• Data listing:
▼▼▼

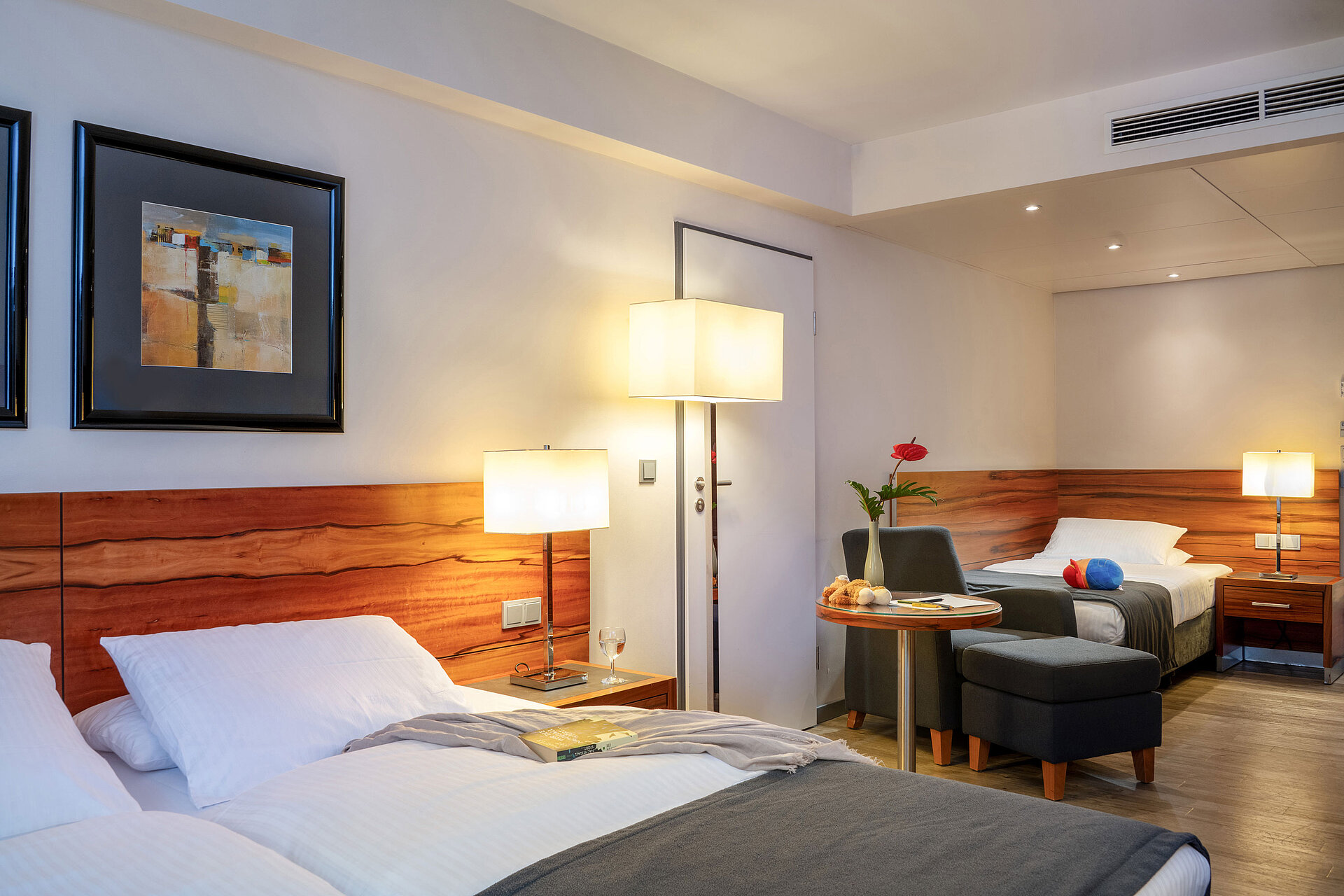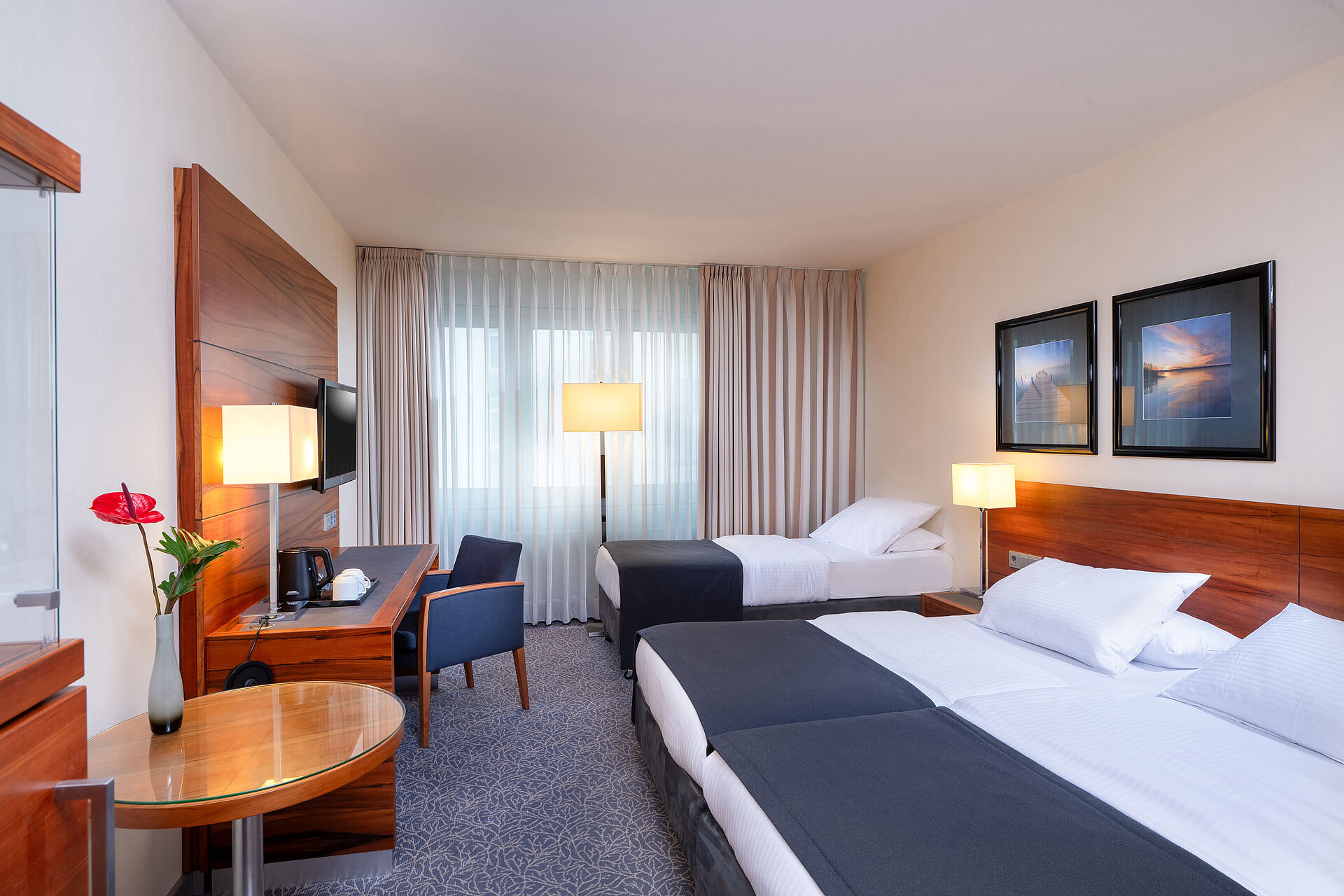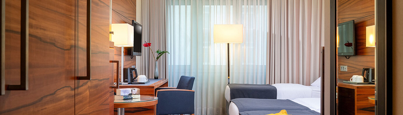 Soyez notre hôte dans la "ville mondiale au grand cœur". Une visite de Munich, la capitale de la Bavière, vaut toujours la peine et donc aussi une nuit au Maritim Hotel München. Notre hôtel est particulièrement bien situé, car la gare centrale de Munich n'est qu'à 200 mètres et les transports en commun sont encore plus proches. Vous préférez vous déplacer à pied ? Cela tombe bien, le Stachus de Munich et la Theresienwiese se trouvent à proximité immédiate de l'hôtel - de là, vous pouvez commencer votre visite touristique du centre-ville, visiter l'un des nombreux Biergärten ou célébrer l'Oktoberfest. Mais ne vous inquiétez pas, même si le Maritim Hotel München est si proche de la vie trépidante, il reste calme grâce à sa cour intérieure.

▲▲▲
▼▼▼

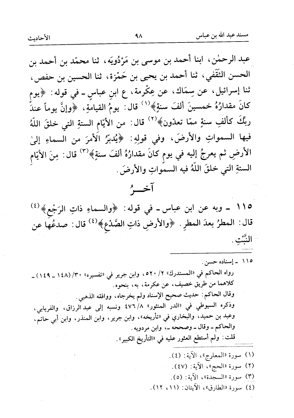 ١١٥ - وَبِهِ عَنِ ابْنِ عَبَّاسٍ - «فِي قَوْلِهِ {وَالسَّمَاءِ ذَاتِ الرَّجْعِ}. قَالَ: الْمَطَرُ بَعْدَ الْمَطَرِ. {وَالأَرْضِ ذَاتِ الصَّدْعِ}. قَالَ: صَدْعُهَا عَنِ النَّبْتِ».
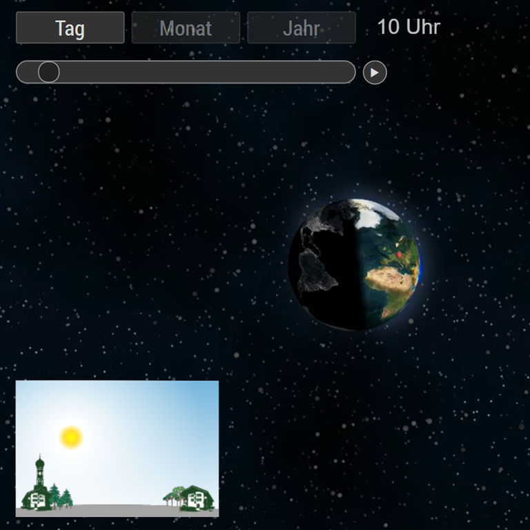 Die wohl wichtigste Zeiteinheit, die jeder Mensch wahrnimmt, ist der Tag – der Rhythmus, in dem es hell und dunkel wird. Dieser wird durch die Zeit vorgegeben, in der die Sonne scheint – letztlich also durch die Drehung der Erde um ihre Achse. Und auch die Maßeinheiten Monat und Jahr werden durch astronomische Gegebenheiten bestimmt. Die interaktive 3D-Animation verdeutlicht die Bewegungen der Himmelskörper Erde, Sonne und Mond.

▲▲▲
▼▼▼

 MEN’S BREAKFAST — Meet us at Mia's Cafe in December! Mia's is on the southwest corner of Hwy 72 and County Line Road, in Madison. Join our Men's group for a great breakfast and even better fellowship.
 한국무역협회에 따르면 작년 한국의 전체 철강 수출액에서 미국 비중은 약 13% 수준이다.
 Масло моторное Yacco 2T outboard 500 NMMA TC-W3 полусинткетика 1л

▲▲▲

• Goal of the exercise: Transcribe each line of the data above, unaltered, from the one where "한국무역협회에 따르면 작년" appears to the one where "Масло моторное Yacco" appears, inclusive of both.

• Problem solution:
 한국무역협회에 따르면 작년 한국의 전체 철강 수출액에서 미국 비중은 약 13% 수준이다.
 Масло моторное Yacco 2T outboard 500 NMMA TC-W3 полусинткетика 1л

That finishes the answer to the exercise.